Put simply—though marriage and dinner company never are—Mike Nichols observed that "Who’s Afraid of Virginia Woolf? is about a couple who comes home late after a party. She has invited another couple over for a nightcap. They drink and they argue and then the guests go home.” Celebrating the publication of a new book by Philip Gefter, Cocktails with George and Martha: Movies, Marriage and the Making of Who’s Afraid of Virginia Woolf?, we’re screening a pristine 35mm print from the Academy Film Archive on a double bill with the world premiere digital restoration of Andy Warhol’s Bitch (1965). Between the two screenings, Gefter takes part in an onstage conversation with Greg Pierce, director of film and video at the Andy Warhol Museum; actor, poet, photographer, and filmmaker Gerard Malanga; and Mark Harris, author of Mike Nichols: A Life.
Bitch. 1965. USA. Directed by Andy Warhol.
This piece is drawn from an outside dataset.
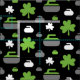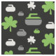 Tecido que caracteriza um trevo e que ondula o teste padrão da rocha no verde, no branco e no cinza no fundo preto. Aperfeiçoe para encrespadores e fãs de ondulação

With Marie Menken, Willard Maas, Gerard Malanga, Edie Sedgwick. Digital restoration courtesy the Andy Warhol Museum. World premiere. 66 min.
“Andy Warhol called Marie Menken and Willard Maas ‘the last of the great bohemians,’ and, in 1965, made Bitch, his real-life parody of Edward Albee’s play Who’s Afraid of Virginia Woolf?, with Willard and Marie sitting on the couch in their living room, drunk and arguing on a Sunday afternoon. Unscripted, shot with a stationary camera in his signature home-movie documentary style, Warhol’s Bitch has never before been seen by the public—until now…” (Philip Gefter).
Who’s Afraid of Virginia Woolf? 1966. USA. Directed by Mike Nichols. Screenplay by Ernest Lehman. With Elizabeth Taylor, Richard Burton, George Segal, Sandy Dennis. 35mm restoration by the Academy Film Archive; courtesy Warner Bros., Park Circus. 131 min.
“Edward Albee rejected the idea of a single inspiration for George and Martha, his characters in Who’s Afraid of Virginia Woolf? (1962), although, in response to one interviewer’s question, he alluded to Willard Maas, a poet with whom he taught at Wagner College, and his wife, Marie Menken, an experimental filmmaker. Known for their drunken weekend salons and marital arguments in front of their guests, Maas and Menken were at the center of a significant bohemian circle of New York poets and artists. ‘Edward [Albee] used to come here every time to eat and just sit and listen while Willard and I argued,’ Menken recalled. ‘Then he wrote Who’s Afraid of Virginia Woolf? That’s supposed to be me and Willard arguing about my miscarriage.’ All of this is to say that George and Martha, despite their slovenly drinking and unsavory psychological cruelty, had their origins at the center of the thriving, urban, mid-century anti-establishment zeitgeist” (Philip Gefter).
Program 252 min.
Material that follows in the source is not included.